■ What you are asked to do:
Find the line containing "I was told that" in the listing below. Repeat it exactly, along with each following line up to and including the one containing "Setul educațional Ceasuri".

======== Records supplied ========

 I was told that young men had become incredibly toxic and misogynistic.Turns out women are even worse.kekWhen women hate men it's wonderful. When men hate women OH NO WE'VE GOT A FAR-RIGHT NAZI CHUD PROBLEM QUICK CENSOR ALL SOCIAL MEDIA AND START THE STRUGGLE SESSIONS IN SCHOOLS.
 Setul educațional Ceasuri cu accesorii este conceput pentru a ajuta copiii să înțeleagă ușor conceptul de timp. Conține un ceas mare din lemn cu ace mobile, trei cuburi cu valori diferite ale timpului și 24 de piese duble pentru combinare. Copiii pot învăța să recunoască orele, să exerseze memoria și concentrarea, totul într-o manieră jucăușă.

========
======== Records supplied ========

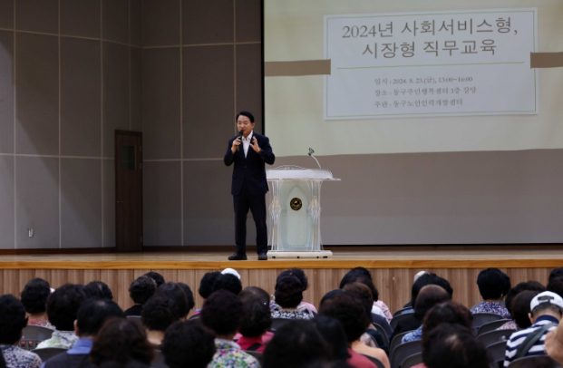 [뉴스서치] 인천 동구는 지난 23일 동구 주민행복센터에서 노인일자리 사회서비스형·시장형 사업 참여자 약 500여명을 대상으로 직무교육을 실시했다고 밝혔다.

========

■ Solution for this exercise:
 I was told that young men had become incredibly toxic and misogynistic.Turns out women are even worse.kekWhen women hate men it's wonderful. When men hate women OH NO WE'VE GOT A FAR-RIGHT NAZI CHUD PROBLEM QUICK CENSOR ALL SOCIAL MEDIA AND START THE STRUGGLE SESSIONS IN SCHOOLS.
 Setul educațional Ceasuri cu accesorii este conceput pentru a ajuta copiii să înțeleagă ușor conceptul de timp. Conține un ceas mare din lemn cu ace mobile, trei cuburi cu valori diferite ale timpului și 24 de piese duble pentru combinare. Copiii pot învăța să recunoască orele, să exerseze memoria și concentrarea, totul într-o manieră jucăușă.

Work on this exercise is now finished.